Talk it all through with your husband, as you are feeling the emotions, and encourage him to say what he feels too. Be so very happy that you have each other.......I send you all my love......Ange.0 -
Hi Anne,
I can really empathise with you as I had a friendship that was very 'one way'. It came to a head when my middle daughter was rushd to hospital with meningitis- not even a phone call!! This really saddened me and I emailed her and told her how hurt and disappointed I felt. Although this actually cleared the air between us the friendship has changed significantly. Sometimes I think that friendships come to a natural end. If you feel yours is coming to an end then perhaps its time to let it end and remember it with the fondness that a good friendship deserves.
Kate xx0 -
hi Anne, sorry you are feeling so upset but I am not surprised from everything you have said. It's bad enough having this disease, never mind losing friends because of it. Hope you have a good sleep tonight and that you feel a bit better in the morning.
Sally x0 -
Hi Anne,
If she hasnt supported you like you did for her then it probably is time to move on.I have decided not to contact my friend to see how long it takes her to notice.She has a busy social life with lots of other friends so it may take some time.
I am sorry it has upset you so.As Elna said people change over time.Stick to those that care
ElizabethNever be bullied into silence.
Never allow yourself to be made a victim.
Accept no ones definition of your life
Define yourself........
Harvey Fierstein0 -
I can't believe how weepy and upset I was yesterday. I have had a nights sleep and decided not to pursue the issue anymore. Lately it has been me doing all the running and I don't have the energy. I don't see any point in going through arthritis & the other issues to her as she is obviously not interested and I don't want pity.

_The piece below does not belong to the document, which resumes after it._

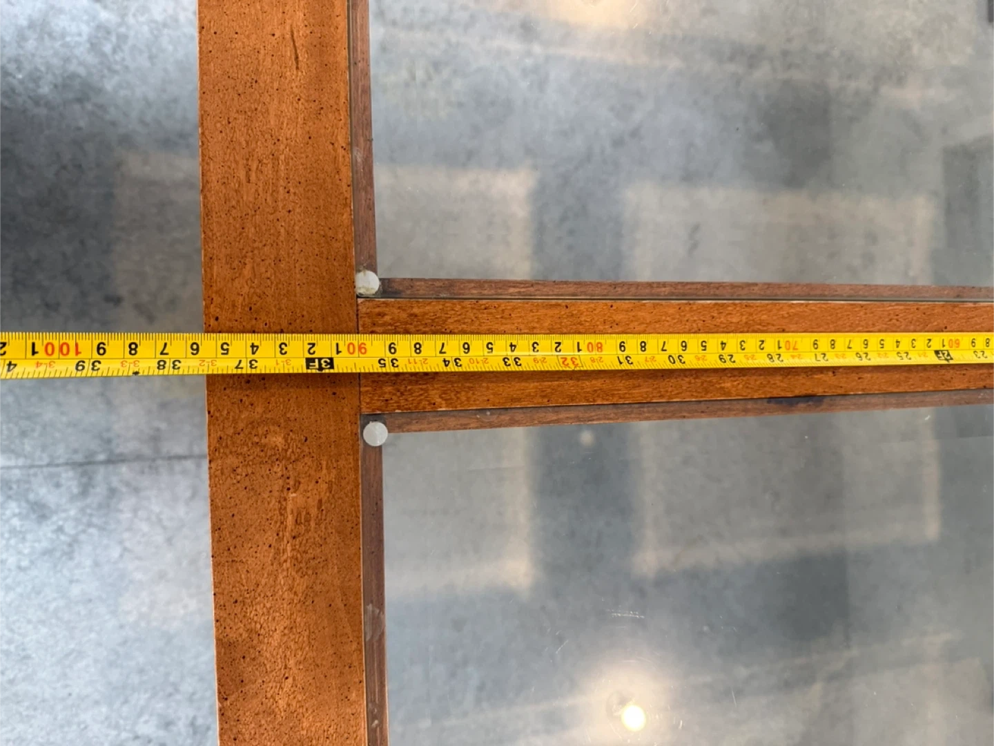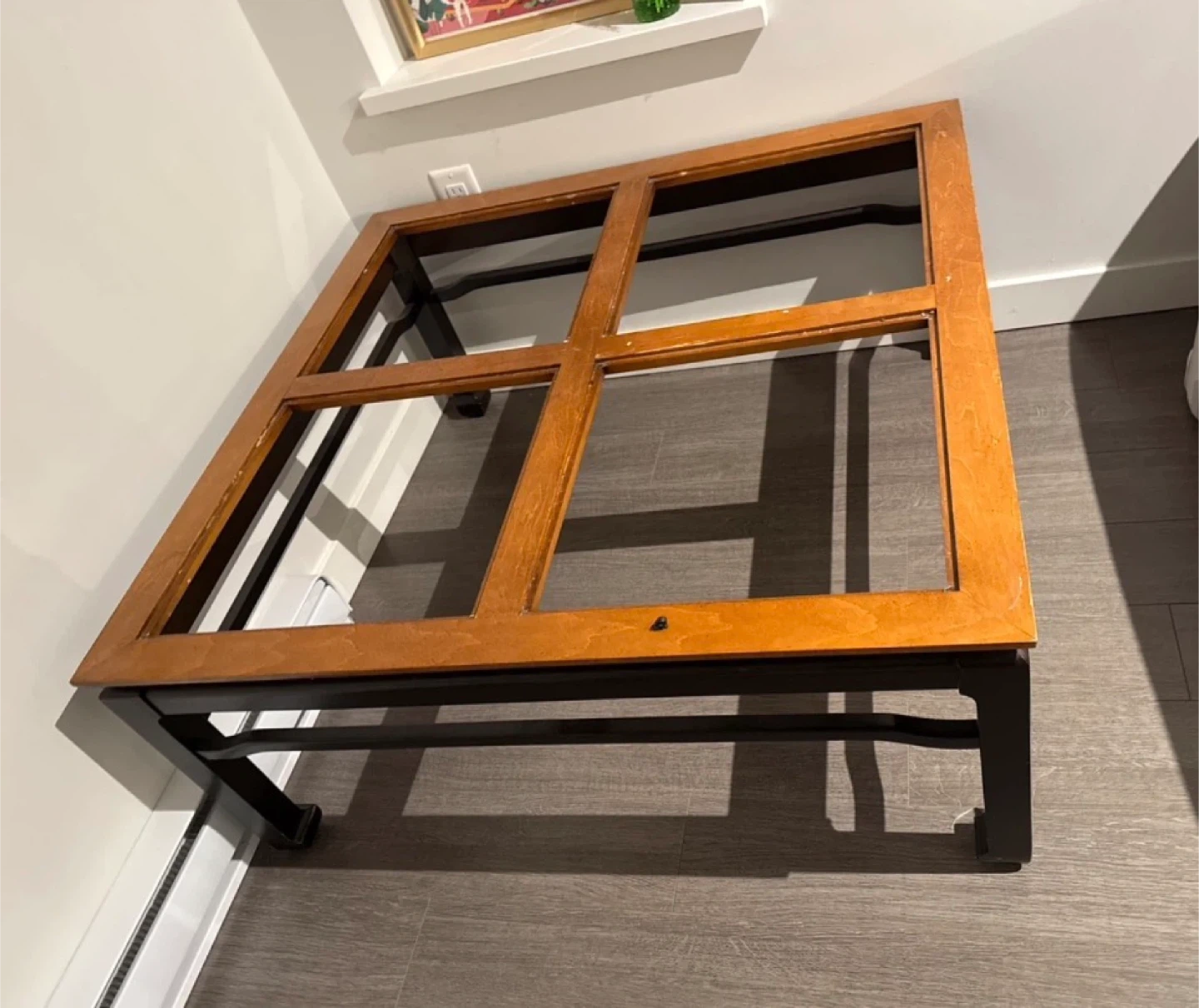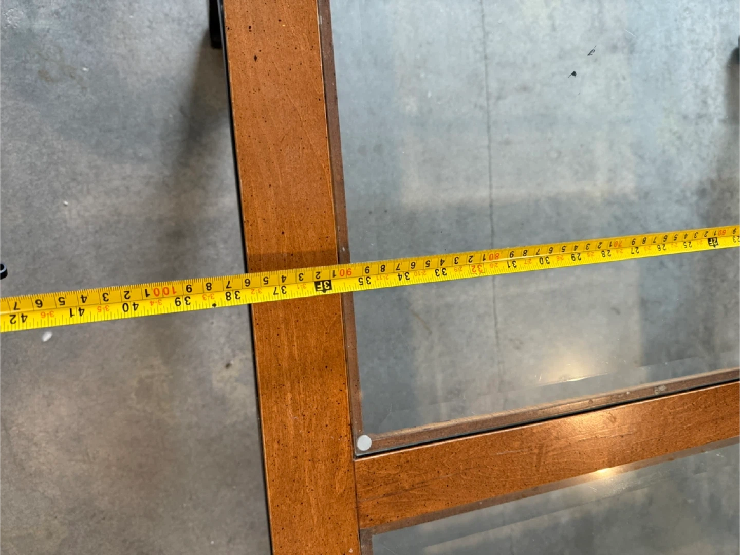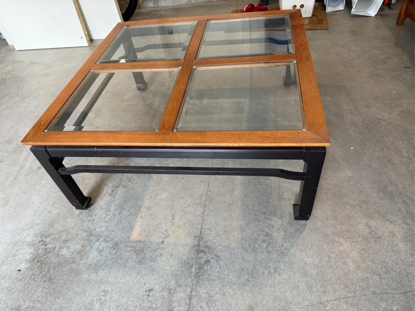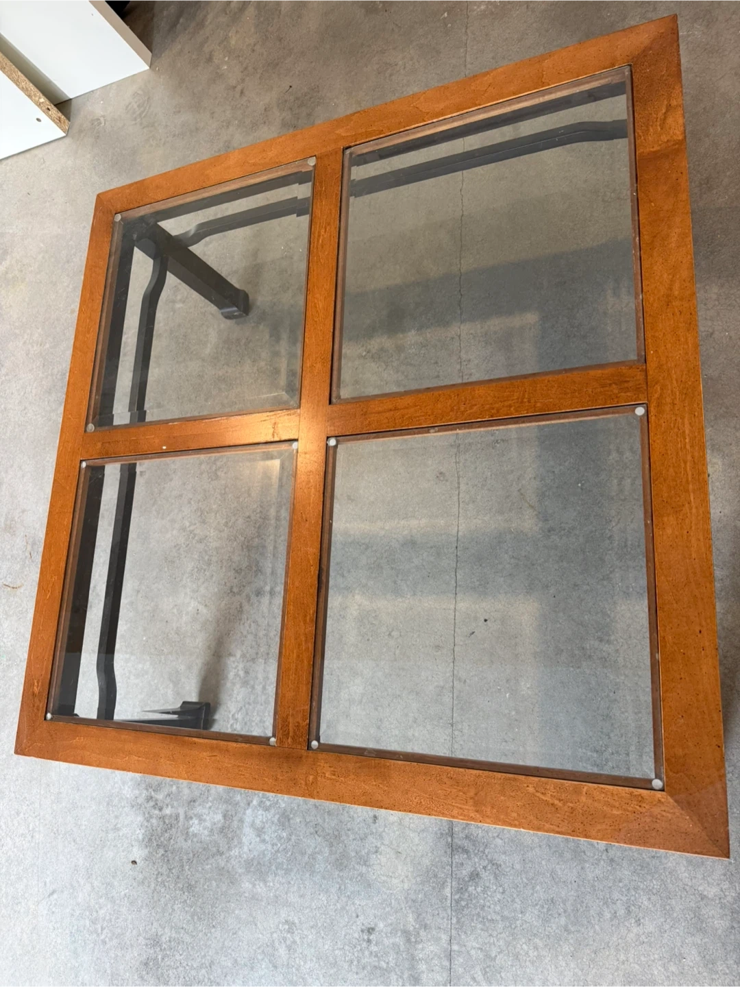 Selling a coffee table with a wood frame and glass top. It measures approximately 39 inches by 39 inches, making it a great size for a living room or den. The frame is a warm wood tone, and the glass is clear. It's in good condition and ready for a new home!

When I tried last year to tell her about it, she told me to 'get over it' and was more upset that her doctor's daughter had died, she had never the girl!
I have tried to save the friendship but I do think there is no going back. I have phoned, visited, never missed a birthday, sat up with her all night when she couldn't get comfortable during her 2nd pregnancy then I went straight to work. This year when I have needed her she hasn't phoned, not even a Christmas Card.
Sorry to ramble again, thanks for your support. I need to get over this and try and focus on the more positive aspects now.